The demods also support data rates of 192 and 64 kbit/sec which won't be part of Public Radio Standard Channel service. If an independent producer or distributor were to buy a channel of either of those sizes, and of the proper coding, the demod could receive them.

The RF bandwidth for 64,000 bits per second is 76.8 kHz.

The RF bandwidth for 192,000 bits per second is 230.4 kHz

Of the four digital bandwidths listed above, only one of them (the 128 kbit mono channel) is equivalent to an analog channel in the old Public Radio Satellite System. This analog channel occupies 180 kHz of RF bandwidth and has an audio bandwidth of 15 kHz. So, the digital system is slightly more spectrum-efficient.

In the old, analog system it was 50 Hz to 15 kHz, plus 0.4, minus 0.8 dB.

The analog figure is "better than 85 dB," which would be 10 dB below its own noise floor.

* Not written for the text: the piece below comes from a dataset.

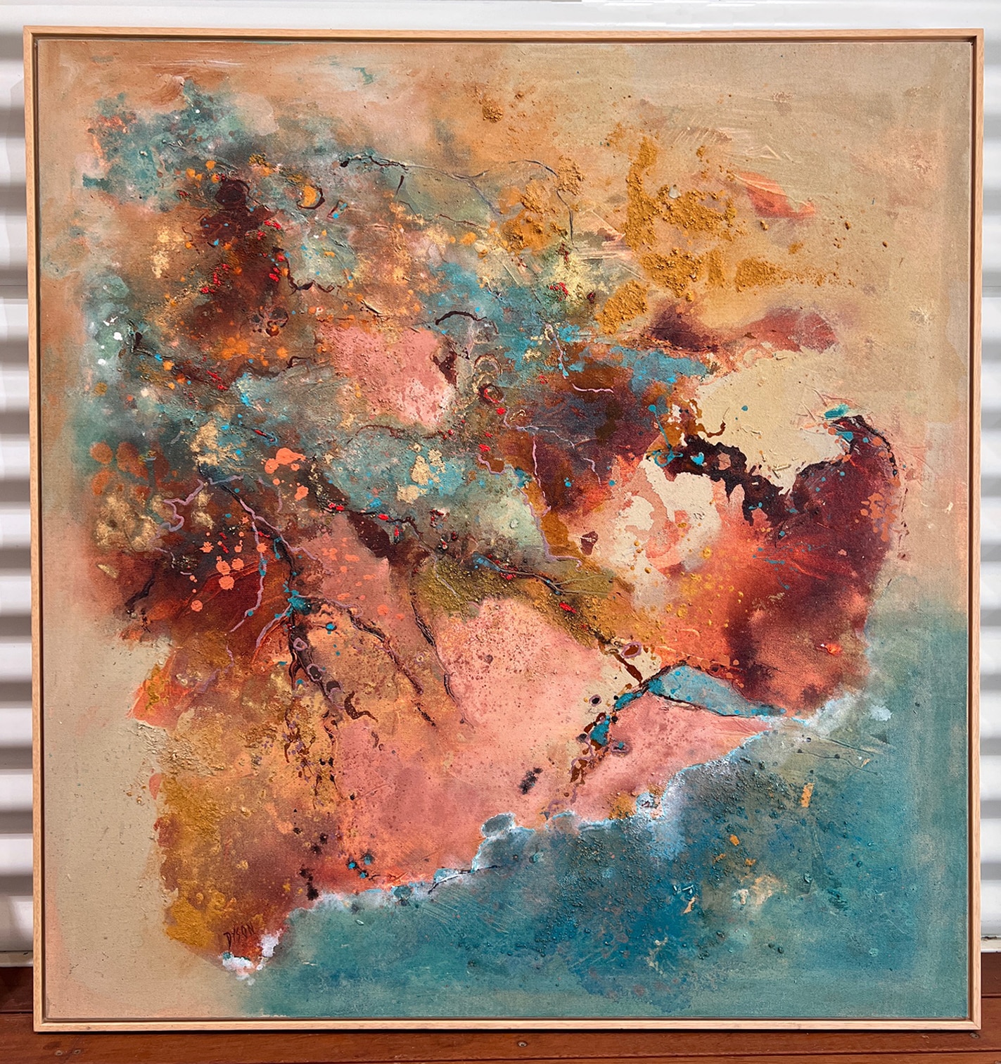 Acrylic and Kimberley ochre on stretched canvas with timber shadow-line frame

The analog figure is less than 13 degrees out to 15 kHz.

The RS-485 standard allows for a bus length of up to 4,000 feet and up to 64 devices (32 "talk" ports and 32 "listen" ports) can be connected. Devices on the bus can have addresses from 1 to 255 (address zero is reserved for the DACS alarm panel in our design).

The DACS/ARA PC will support at least five (5) such busses per radio station. Your chief engineer, at the time of installation -- and at any time after that -- may alter or configure the number of busses, which devices are on which busses and what their addresses and functions are. You can have one bus per "room" or "area" or you can put all ARA-controlled devices on a single bus -- your choice.

So, you CAN locate the DACS/ARA PC in the Operations Manager's office and still have the demods elsewhere.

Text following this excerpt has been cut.